I know others, who are so keyed up about this and that and then suddenly they are available again.

It sadly is the way of the market, animals to some are disposable, l don't mean to the point of 'death' but people do not seem to be emotionally attached anymore.

They forget that animals are not just a commodity to be thrown away because of boredom or the can not be arsed anymore attitude.

They are a living breathing species that require more respect and certainly responsible ownership.

My two penneth worth anyway.

R


----------



## mrsfluff (Jul 15, 2007)

I love all mine and am definately attached to them. I think of them as pets rather than a hobby.
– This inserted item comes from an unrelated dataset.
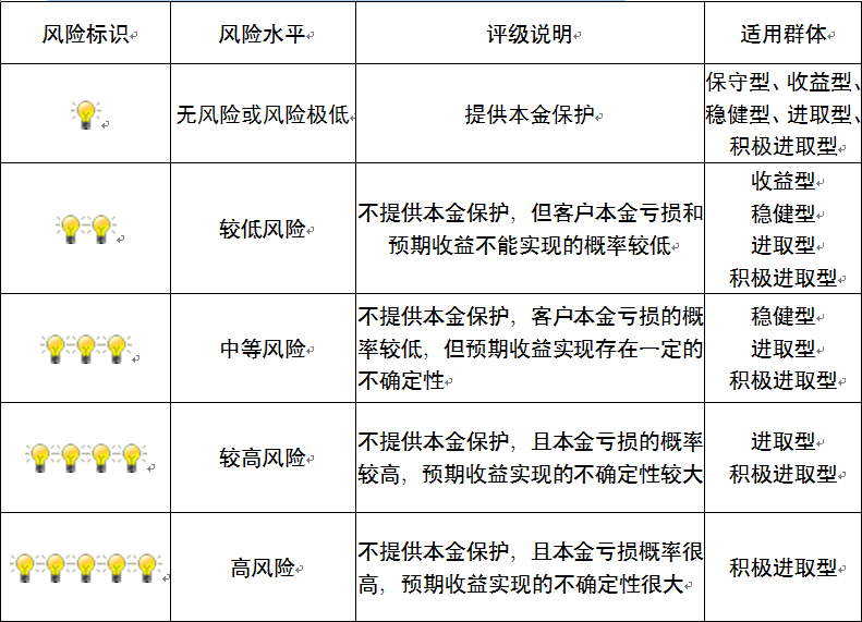 本产品为非保本浮动收益型理财产品,不保证本金和收益,请您充分认识投资风险,谨慎投资。本期产品期限为224天(中国建设银行有权对产品进行展期或提前终止),存续期内,产品不接受申购或赎回申请。本期产品内部风险评级级别为盏警示灯 ,风险水平属于中等风险。最不利情况下,您将损失全部收益甚至包括全部本金。本理财产品适用于稳健型、进取型 积极进取型客户。

We bought a young boa off a friend when they stopped keeping. We did it to help them out and looked into selling it on. I couldn't do it though, I'd taken her on and can give her a good home. I'd only have worried about her if I'd have sold her!

Jo


----------



## the-reptile-mafia (Jan 4, 2008)

I have bought a fire salamander and the adult male beardie from your shop and i have no intention of bringing them back


----------



## sami (Oct 23, 2006)

there are some in our 'collection' that i couldn't sell. 

like the leopard geckos.. i'm far too attached to them. since i decided i couldn't sell them, i've had a couple of offers on them, but i declined both times. they are the two i started with.. and they both have personalities that show through, and i definately see them as pets. 

the same with my rainbow boa.. his bday is the same day as mine.. he has a lovely temperament, and is lovely to look at..
but because he is a cross (brb x crb) we are not going to breed him..
yet i will never sell him, as i am far too attached to him! 

a lot of our reptiles are pets. the majority have names, and they all have personalities. 

i do understand when people's plans change. it used to upset me when i sold things we had started out with, and grown on since they were tiny, and they were sold on again straight away. but unfortunately, i know it's all part of the hobby. 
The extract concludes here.